緊急事態を察したジェラルドは、まずグレアム宅に無礼を承知で電話をかけ、詫びと状況を述べた。彼から夜間外来をしている診療所を聞き、電話をかけ、タクシーを呼び、脱力状態のアンジュを抱えながら乗り込む。怪我はないようだが、原因が全くわからない状況に、恐ろしさと共に、強烈な眩暈を感じた。
診察が終わり、耳鼻咽喉科、内科共に『特に異常なし』という結果が出た。専門外であるから断定は出来ないが、外因的な脳の障害か、強い精神的ショックを受けた事による、心因性による『失声症』かもしれない、と医師は述べた。
心当たりは無いか、と聞かれたジェラルドは、身が詰まされる思いだった。……ありすぎたからだ。ロンドンでの数々の苦行、兄の卑劣な所業、自分と二人だけで慣れない土地で奮闘する日々。そして、以前に聞いた親友というフランス人の男が、陸軍に志願したという事。そして、彼も今日知った、そのフランスが完全降伏したというニュースに加え、仏軍は壊滅状態という訃報……
ラジオでそれを聞いた直後、彼女に異変が起こったのだろう、と予測するには容易かった。夢を叶えるという大切な約束をした、という男の安否の危機。それを知り、自身の大切な一部を失った、いとおしい女……

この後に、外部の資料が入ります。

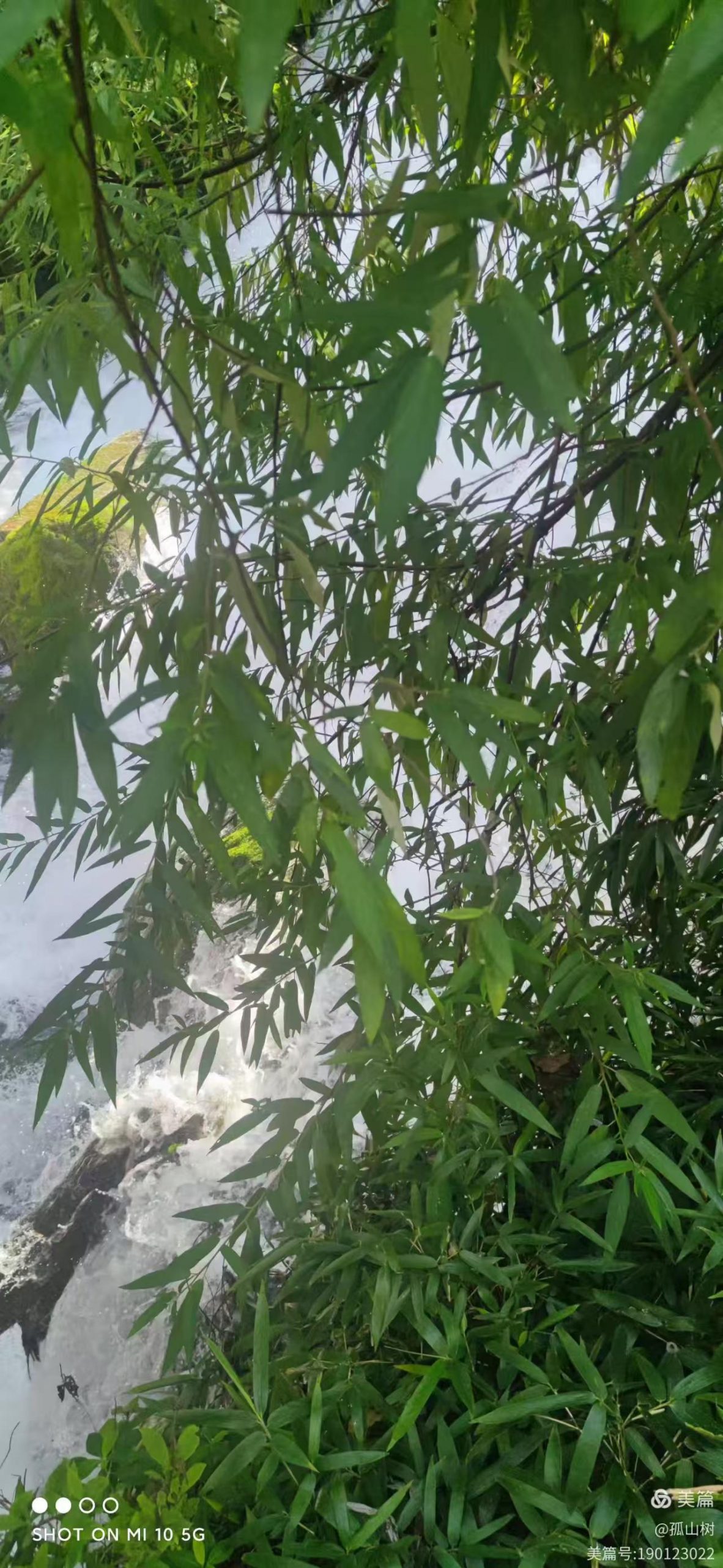 绿叶后面是瀑布,奔流而下,声音响亮。据说螺髻山雪水融化后在温泉瀑布上游50米处形成一个活水湖,该水四季冰凉剌骨,而温泉水仿佛是地底下的水煮沸腾了,喷涌而出,形成六个小岛,岛上可泡温泉。岛内还有洞穴温泉,水火在这里相融,大自然和谐地、安㴵地流淌在群山环抱之中。
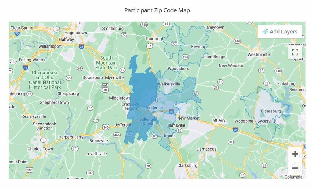 Above Screenshot: Frederick County Spanish Speaking Participant Map by Zip Code
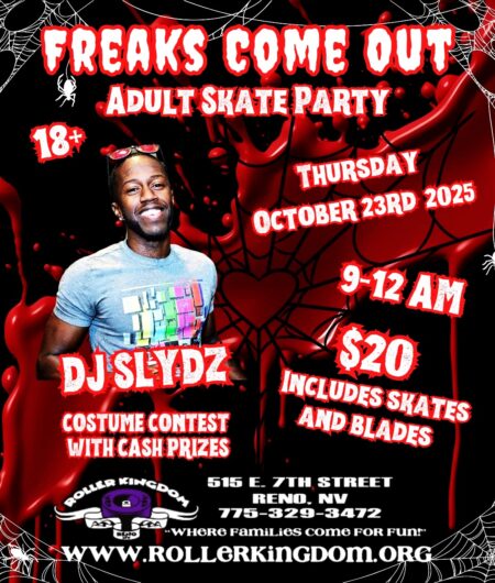 lessmusic is killer 🎶, the costumes are wicked 👻, and the vibes are scarily good.🎧 DJ Slydz will keep you rolling all night!🧟♂️ Costume Contest with CASH prizes 💰 – so bring your creepiest, freakiest, or funniest fits!📅 Thursday, October 23rd, 2025🕘 9 PM – 12 AM💲 $20 (includes skates & blades)📍 Roller Kingdom, Reno, NVTag your spooky squad and let’s haunt the rink together! 🕸️
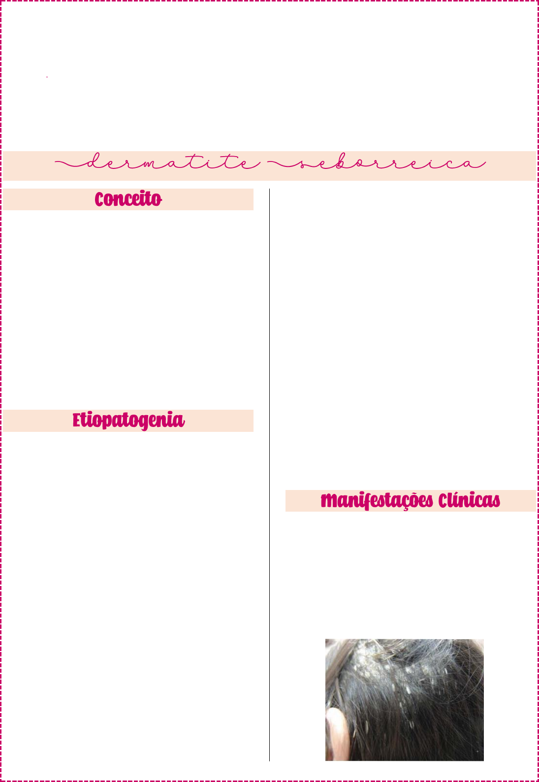 Lesões Eritematoescamosas Dermatite seborreica e Psoríase o Dermatite crônica; o Ocorre em regiões cutâneas ricas em glândulas sebáceas; o Eventual participação do fungo Malassezia spp; o Ocorre em, pelo menos, 5% da população geral; o Alta incidência nos portadores de infecções pelo HIV. o Causa ainda desconhecida; o Alterações na dinâmica epidérmica: ↑ de mitoses e do trânsito transepidérmico (presença de células nucleadas na camada córnea); o Há relação com as glândulas sebáceas, devido à topografia das lesões e suas relações com as variações funcionais das glândulas sebáceas ao longo da vida. # As glândulas sebáceas são estimuladas por hormônios androgênicos: nascimento (androgênios maternos DS no lactente estimulo androgênico cessa após alguns meses DS desaparece) e pós-puberdade (18 aos 40 anos, melhorando gradualmente). o Papel do fungo Malassezia spp. ainda não é bem definido: o Alguns autores argumentam que o aumento do número de Malassezia spp. nas lesões seja secundário ao aumento dos nutrientes lipídicos nas escamas; o A maioria acredita em um papel etiológico preponderante. # Evidências: antifúngicos sistêmicos melhoram a DS, reduz fungo melhora DS, colonização abundante da pele por Malassezia lesões semelhantes à DS, suscetibilidade maior a DS nos portadores de HIV (suscetíveis a infecções fúngicas). o Lesões eritematodescamativas, recobertas por escamas de aspecto gorduroso, que se distribuem pelas áreas seborreicas. Couro cabeludo o Pitiríase capitis (caspa) e prurido. Região retroauricular e ouvido externo o Eritema, descamação e fissuras. Face o Parte interna dos supercílios, glabela, sulco nasolabial, asas do nariz e região paranasal. Tronco (regiões interescapular e pré- estermal) o Lesões petaloides. Regiões flexurais (axilares, anogenitais e inframamárias) e região umbilical o Infecção secundária por cândida e bactérias é frequente. Agravadas por: infecções por HIV, tensão emocional, quadros neurológicos (poliomielite, lesões do trigêmeo, epilepsia, paralisia facial), doença de Parkinson, Síndrome de Down, alcoolismo, alimentos condimentados, diabetes, obesidade. o Inicia-se entre a 1 ª e a 2ª semana de vida, desaparecendo em semanas ou meses; o Compromete a área das fraldas, face e couro cabeludo (crosta láctea), com lesões eritematodescamativas não pruriginosas, sem comprometimento do estado geral, podendo haver disseminação para outras áreas seborreicas. o Clínico; o Descartar diagnósticos diferenciais: psoríase, pitiríase rósea, dermatite atópica, candidose e dermatofitose, dermatite infectada, entre outros. o Considerar a possibilidade de infecção pelo HIV nos casos mais intensos e abruptos ou não responsivos ao tratamento. o É importante o esclarecimento quanto à natureza crônica e recorrente da doença não deve-se falar em cura, e sim em controle do processo; o Orientação básica: no início, usar diariamente o tratamento proposto e, depois, espaçar à medida que o paciente apresentar melhora. Couro Cabeludo o Xampus à base de LCD (liquor carbonis detergens) de 5 a 8% associado ou não a: piritionato de zinco (1 a 2,5%), sulfeto de selênio (1 a 2,5%), coaltar (2 a 3%), cetoconazol (1 a 2%), octopiroxolamina (1 %), enxofre e ácido salicílico; o Casos mais resistentes: creme ou pomada de corticoide; o Se houver infecção secundária, antibióticos sistêmicos ou tópicos. Face o Creme de corticoide não fluorada (hidrocortisona 1%), alternado com creme de cetoconazol 2%. o Sabonetes com enxofre e ácido salicílico. o Aplicação de ultravioleta B (casos resistentes). o Imunomoduladores: tacrolimo pomada a 0,1 % e pimecrolimo creme, por sua ação anti- inflamatória. Tronco o Pomadas de corticoide; o Sabonete de enxofre e ácido salicílico (controle recidiva). Áreas intertriginosas o Cremes ou pomadas de corticoide com antibacteriano e antifúngico; o Limpeza com água boricada. o Doença imunoinflamatória, cutâneo articular, crônica e recorrente que se caracteriza por hiperplasia epidérmica, ciclo evolutivo acelerado dos queratinócitos e ativação imune inapropriada; o Pode ocorrer em qualquer faixa etária, 2 picos de incidência: entre 20 e 30 anos de idade e após os 50 anos; o Ambos os sexos são acometidos igualmente. o Causa desconhecida, o Base hereditária, provavelmente multifatorial, o que significa dizer que é de herança poligênica; o Requer fatores ambientais para sua expressão: não ocorrência de 100% entre os monozigóticos indica que fatores ambientais contribuem na etiologia. Fatores ambientais o Trauma cutâneo de diversas naturezas: físico, químico, elétrico, cirúrgico, inflamatório; o Infecções: estreptococo β-hemolítico (psoríase aguda e em gotas), indivíduos com HIV (exacerbação da psoríase); o Medicamentos (lítio, β-bloqueadores, antimaláricos, AINEs): agravam a psoríase; o Estresse emocional; o Clima frio: devido menor radiação solar; o Outros fatores: distúrbios endócrinos e metabólicos, ingestão aumentada de álcool. Psoríase em placas (Psoríase Vulgar) o Forma mais comum; o Placas eritemaescamosas, com escamas secas, branco-prateadas, aderentes e estratificadas; o Lesões bem delimitadas, de tamanhos variados; o Halo ou anel de Woronoff: bastante característico, porém raramente observado; o Afeta de forma simétrica a face de extensão dos membros, particularmente joelhos e cotovelos, couro cabeludo e região dorsal, podendo acometer qualquer outra área da pele; o Pode acometer dobras flexurais (psoríase invertida): descamação menos evidente pela sudorese e maceração locais; o Pode acometer áreas seborreicas (seboríase); o Pode acometer semimucosas (queilite, glossite, língua fissurada e língua geográfica, blefarite, conjuntivite e ceratite); o Unhas: depressões puntiformes da lâmina ungueal ou unha em dedal psoríase ungueal (excluir onicomicose pelo micológ

ジェラルドの胸奥のあちこちが、じりじり、とちりつくように焼けた。
身内に緊急事態が起こった為、今日の仕事は休ませて欲しいと、ジャズバーの店主に詫びの連絡を入れたジェラルドは、まだ心此処に在らず、といった状態のアンジュを連れ、一先ず自宅のアパートに戻った。
ダイニングテーブルの椅子に座らせ、温かいミルクティーと菓子を用意し、とりあえず落ち着こう、とマグカップを差し出す。目の前の乳白色の湯気と、憔悴しつつも穏やかな彼を交互に見たアンジュは、こくん、と無表情に頷き、ゆっくりとカップを口にする。
『無理もない』とジェラルドは思った。訃報の内容もだろうが、こんな事態になるとは彼女自身、思っていなかっただろう。彼もまた混乱していて、未だに信じ難く、現状を受け入れられていない。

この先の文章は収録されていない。